* What you need to do *
A faithful transcript of all the lines below, with no pictures, is the goal here.

* Data block *

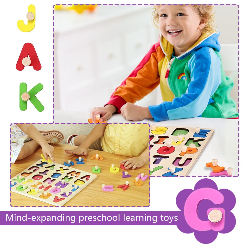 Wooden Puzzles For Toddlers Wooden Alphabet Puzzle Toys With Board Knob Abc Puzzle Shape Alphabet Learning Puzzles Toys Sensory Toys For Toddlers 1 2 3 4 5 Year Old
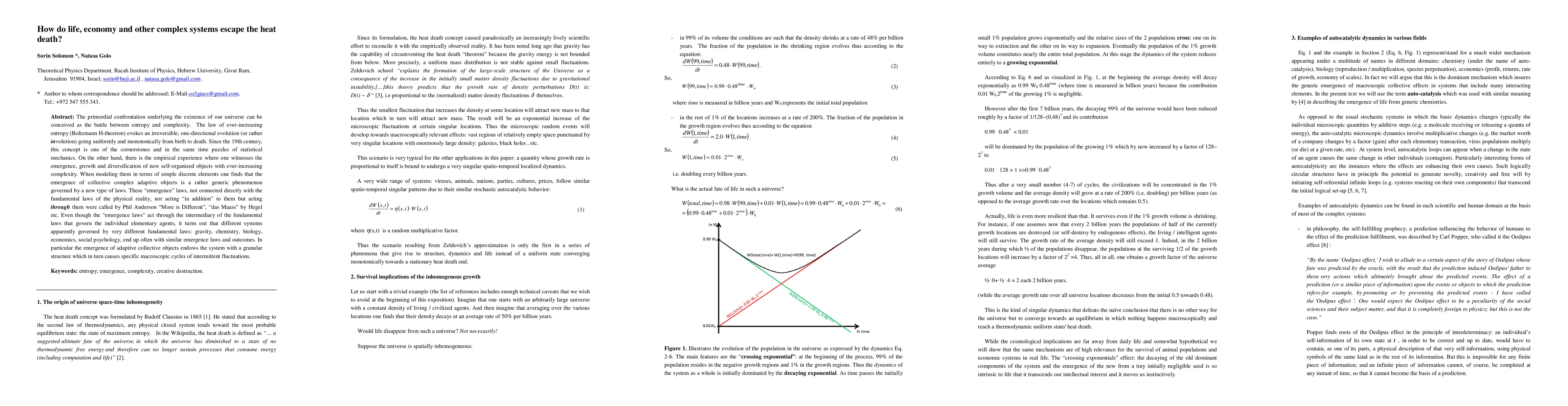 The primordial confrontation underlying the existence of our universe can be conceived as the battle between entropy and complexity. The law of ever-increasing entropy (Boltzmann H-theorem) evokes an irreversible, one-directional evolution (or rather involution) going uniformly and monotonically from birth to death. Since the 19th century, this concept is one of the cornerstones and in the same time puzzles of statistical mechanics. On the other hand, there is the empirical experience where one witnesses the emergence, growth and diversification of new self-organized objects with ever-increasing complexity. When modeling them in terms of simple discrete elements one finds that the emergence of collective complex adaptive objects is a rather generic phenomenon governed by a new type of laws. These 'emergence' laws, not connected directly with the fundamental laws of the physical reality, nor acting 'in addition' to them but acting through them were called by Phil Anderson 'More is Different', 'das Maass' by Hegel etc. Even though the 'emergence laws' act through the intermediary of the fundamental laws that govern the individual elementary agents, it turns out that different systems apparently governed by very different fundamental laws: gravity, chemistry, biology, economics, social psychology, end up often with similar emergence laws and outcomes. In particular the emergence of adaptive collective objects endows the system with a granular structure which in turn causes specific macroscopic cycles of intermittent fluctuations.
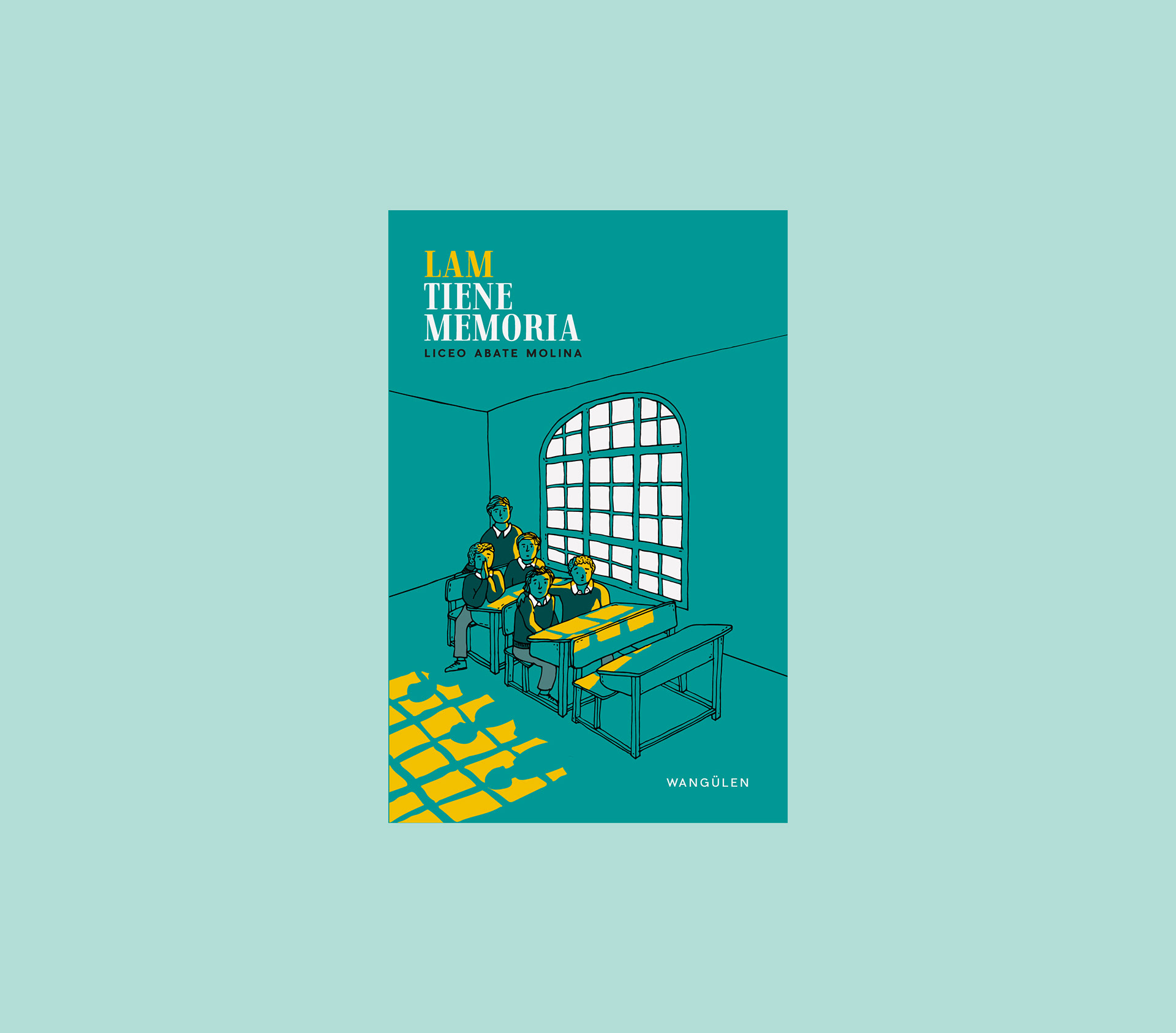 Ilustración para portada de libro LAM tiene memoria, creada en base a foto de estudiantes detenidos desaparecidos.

* Written answer *
 Wooden Puzzles For Toddlers Wooden Alphabet Puzzle Toys With Board Knob Abc Puzzle Shape Alphabet Learning Puzzles Toys Sensory Toys For Toddlers 1 2 3 4 5 Year Old
 The primordial confrontation underlying the existence of our universe can be conceived as the battle between entropy and complexity. The law of ever-increasing entropy (Boltzmann H-theorem) evokes an irreversible, one-directional evolution (or rather involution) going uniformly and monotonically from birth to death. Since the 19th century, this concept is one of the cornerstones and in the same time puzzles of statistical mechanics. On the other hand, there is the empirical experience where one witnesses the emergence, growth and diversification of new self-organized objects with ever-increasing complexity. When modeling them in terms of simple discrete elements one finds that the emergence of collective complex adaptive objects is a rather generic phenomenon governed by a new type of laws. These 'emergence' laws, not connected directly with the fundamental laws of the physical reality, nor acting 'in addition' to them but acting through them were called by Phil Anderson 'More is Different', 'das Maass' by Hegel etc. Even though the 'emergence laws' act through the intermediary of the fundamental laws that govern the individual elementary agents, it turns out that different systems apparently governed by very different fundamental laws: gravity, chemistry, biology, economics, social psychology, end up often with similar emergence laws and outcomes. In particular the emergence of adaptive collective objects endows the system with a granular structure which in turn causes specific macroscopic cycles of intermittent fluctuations.
 Ilustración para portada de libro LAM tiene memoria, creada en base a foto de estudiantes detenidos desaparecidos.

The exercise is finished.